- **WORK INSTRUCTION**: Write out, from the entries below, exactly the lines that run between the lines holding "- [Luxuriously Revive" and "Control remoto por", inclusive, and stop there.

- **DATA SECTION**:
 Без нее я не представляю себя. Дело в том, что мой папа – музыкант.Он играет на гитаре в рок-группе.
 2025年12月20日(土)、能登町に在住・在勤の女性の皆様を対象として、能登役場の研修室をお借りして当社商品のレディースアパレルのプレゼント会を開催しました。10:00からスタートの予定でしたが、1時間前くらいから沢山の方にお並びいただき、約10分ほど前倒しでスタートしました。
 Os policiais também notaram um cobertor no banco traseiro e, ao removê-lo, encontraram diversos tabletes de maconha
--
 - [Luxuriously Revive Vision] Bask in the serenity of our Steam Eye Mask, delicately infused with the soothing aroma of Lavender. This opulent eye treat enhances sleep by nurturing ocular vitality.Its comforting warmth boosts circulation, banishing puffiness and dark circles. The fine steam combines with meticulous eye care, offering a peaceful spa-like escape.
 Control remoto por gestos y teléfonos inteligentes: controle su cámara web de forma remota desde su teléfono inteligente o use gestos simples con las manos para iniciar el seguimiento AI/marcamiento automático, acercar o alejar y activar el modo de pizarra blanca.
* * *
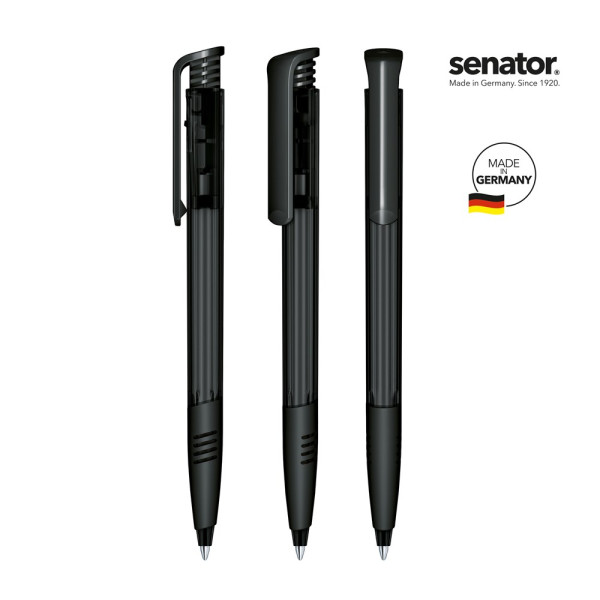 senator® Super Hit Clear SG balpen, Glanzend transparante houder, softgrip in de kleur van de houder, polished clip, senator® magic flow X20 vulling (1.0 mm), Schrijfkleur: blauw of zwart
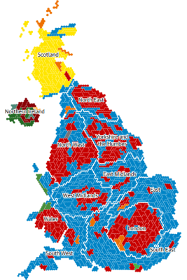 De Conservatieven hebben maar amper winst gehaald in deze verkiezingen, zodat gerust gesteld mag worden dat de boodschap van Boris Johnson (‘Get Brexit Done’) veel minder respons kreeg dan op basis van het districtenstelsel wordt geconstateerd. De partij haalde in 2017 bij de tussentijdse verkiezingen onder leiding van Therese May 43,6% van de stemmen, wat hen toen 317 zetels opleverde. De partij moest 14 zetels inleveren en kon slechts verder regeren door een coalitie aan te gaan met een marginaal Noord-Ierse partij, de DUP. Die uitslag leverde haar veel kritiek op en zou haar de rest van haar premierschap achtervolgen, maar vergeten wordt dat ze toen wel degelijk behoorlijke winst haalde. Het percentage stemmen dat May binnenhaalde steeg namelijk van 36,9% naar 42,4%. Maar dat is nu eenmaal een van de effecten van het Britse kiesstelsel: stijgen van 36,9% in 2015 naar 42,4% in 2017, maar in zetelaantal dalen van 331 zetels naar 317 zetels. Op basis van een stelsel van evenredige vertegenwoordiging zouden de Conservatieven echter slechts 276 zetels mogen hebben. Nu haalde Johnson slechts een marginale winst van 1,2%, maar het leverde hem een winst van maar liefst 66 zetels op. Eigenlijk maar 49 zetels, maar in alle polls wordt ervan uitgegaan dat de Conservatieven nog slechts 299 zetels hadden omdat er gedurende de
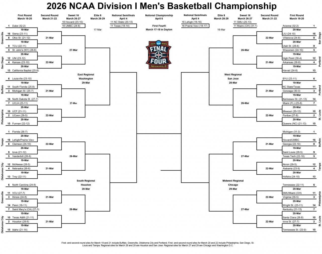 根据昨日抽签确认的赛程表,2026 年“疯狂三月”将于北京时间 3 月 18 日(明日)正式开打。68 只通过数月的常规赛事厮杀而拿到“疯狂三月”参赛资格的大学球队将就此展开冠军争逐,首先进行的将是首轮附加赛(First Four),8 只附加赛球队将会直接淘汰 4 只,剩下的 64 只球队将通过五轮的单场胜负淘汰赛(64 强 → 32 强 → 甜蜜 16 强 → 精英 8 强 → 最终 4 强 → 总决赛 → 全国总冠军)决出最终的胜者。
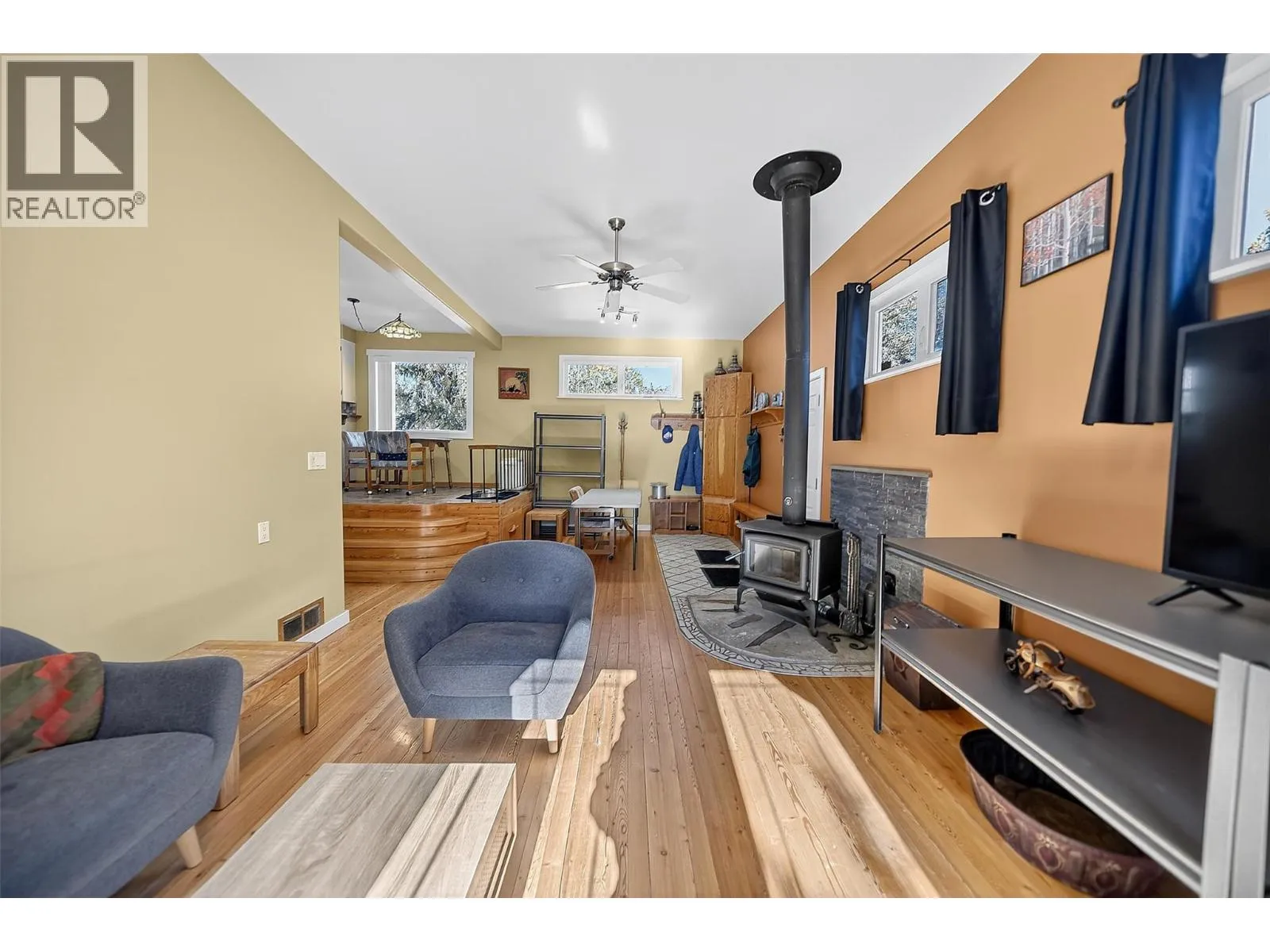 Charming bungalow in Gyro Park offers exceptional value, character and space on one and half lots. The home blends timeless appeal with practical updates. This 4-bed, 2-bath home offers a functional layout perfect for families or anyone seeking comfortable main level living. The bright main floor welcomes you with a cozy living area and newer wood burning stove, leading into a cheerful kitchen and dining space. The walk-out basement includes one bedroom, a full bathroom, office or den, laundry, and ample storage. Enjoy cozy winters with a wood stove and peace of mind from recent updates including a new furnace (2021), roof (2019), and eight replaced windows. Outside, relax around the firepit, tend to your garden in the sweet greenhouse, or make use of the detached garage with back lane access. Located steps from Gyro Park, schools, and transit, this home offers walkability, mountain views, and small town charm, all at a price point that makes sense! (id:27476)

- **SOLUTION TO THE EXERCISE**:
 - [Luxuriously Revive Vision] Bask in the serenity of our Steam Eye Mask, delicately infused with the soothing aroma of Lavender. This opulent eye treat enhances sleep by nurturing ocular vitality.Its comforting warmth boosts circulation, banishing puffiness and dark circles. The fine steam combines with meticulous eye care, offering a peaceful spa-like escape.
 Control remoto por gestos y teléfonos inteligentes: controle su cámara web de forma remota desde su teléfono inteligente o use gestos simples con las manos para iniciar el seguimiento AI/marcamiento automático, acercar o alejar y activar el modo de pizarra blanca.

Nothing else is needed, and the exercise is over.